Here at io9, we love trailers - but apparently the golden age of the trailer might be on a decline. According to a new study, Trailers are no longer the biggest piece of shared advertising for movies.
The study, by marketing technology company Unruly, found that in the last year, the biggest viral videos coming from Movie studios were rarely actually trailers - they were either 'prankvertorials' (a terrible portmanteau) that promoted a movie through a prank, like Fox's 'Devil Baby' promo for Devil's Due, or even more popular than those, 'trackvertorials' (an equally terrible portmaneau!), music videos for songs related to films.
Music videos are increasingly more common in movie marketing - see the popularity of Disney uploading Let it Go from Frozen online, or more recently the Hunger Games: Mockingjay trailers featuring a soundtrack 'curated' by Lorde - and last year they truly ruled the roost in terms of shareability.
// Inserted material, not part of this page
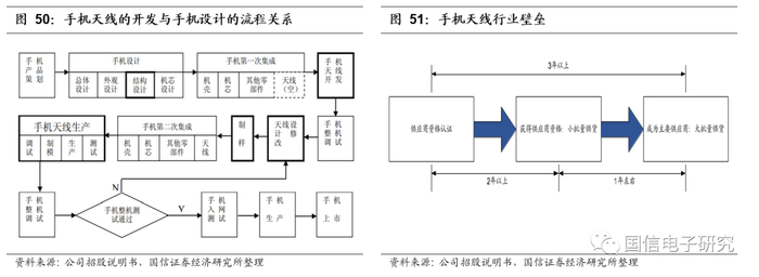 天线行业设计需要与手机厂商紧密互动,增加行业进入壁垒。与横向其他公司产品如声学器件、电池等相比,移动终端天线更加复杂、通用性更低且容易受终端其他零部件如机身设计影响,故移动终端天线需要在客户移动终端整机环境下设计、开发与调试,并充分考虑其他部件对天线系统的影响,对设计所需经验要求较高。且天线对手机使用体验影响巨大,一旦天线出现不稳定将使客户产生巨额损失,因此终端客户对于天线厂商资质审核更加谨慎,从拿到供应商认证资质到批量供货一般需要三年左右时间,因此客户粘性更大、行业壁垒更高。

Let it Go was Disney's most watched video between September 2013 and September 2014 by far (in fact their 10 highest-viewed youtube videos were all songs and snippets from Frozen), and other studios found just as much success: Ed Sheeran's music video for The Desolation of Smaug was another big one, and whilst for some Studios it was trailers, their views paled in comparison to those for the music videos or pranks.
So does it really mean that trailers are on the way out? Probably not, as they still can do gangbusters in terms of clicks (Trailers for The Amazing Spider-Man 2 and X-Men: Days of Future Past were also amongst the most viral movie videos of the year, for example), but what you can probably expect to see is more marketing for movies that builds itself around a particular song or piece of music in the future - look at how Guardians of the Galaxy built its advertisement around Hooked on a Feeling as a good example, or even the BBC's music video for Foxes' Doctor Who performance. In the digital/social media age, virality is more important than ever, and it believe it or not, it does have an impact - Unruly's same study found that people who shared movie content online like trailers and music videos were six times more likely to purchase tickets to see the movies than they would be otherwise. It's a potent force indeed, it seems.
Who knows, maybe it means we could see the end of trailers with the BWAAAAARN-horns in favour of more musical content. I think we could agree on that being a good thing, at least?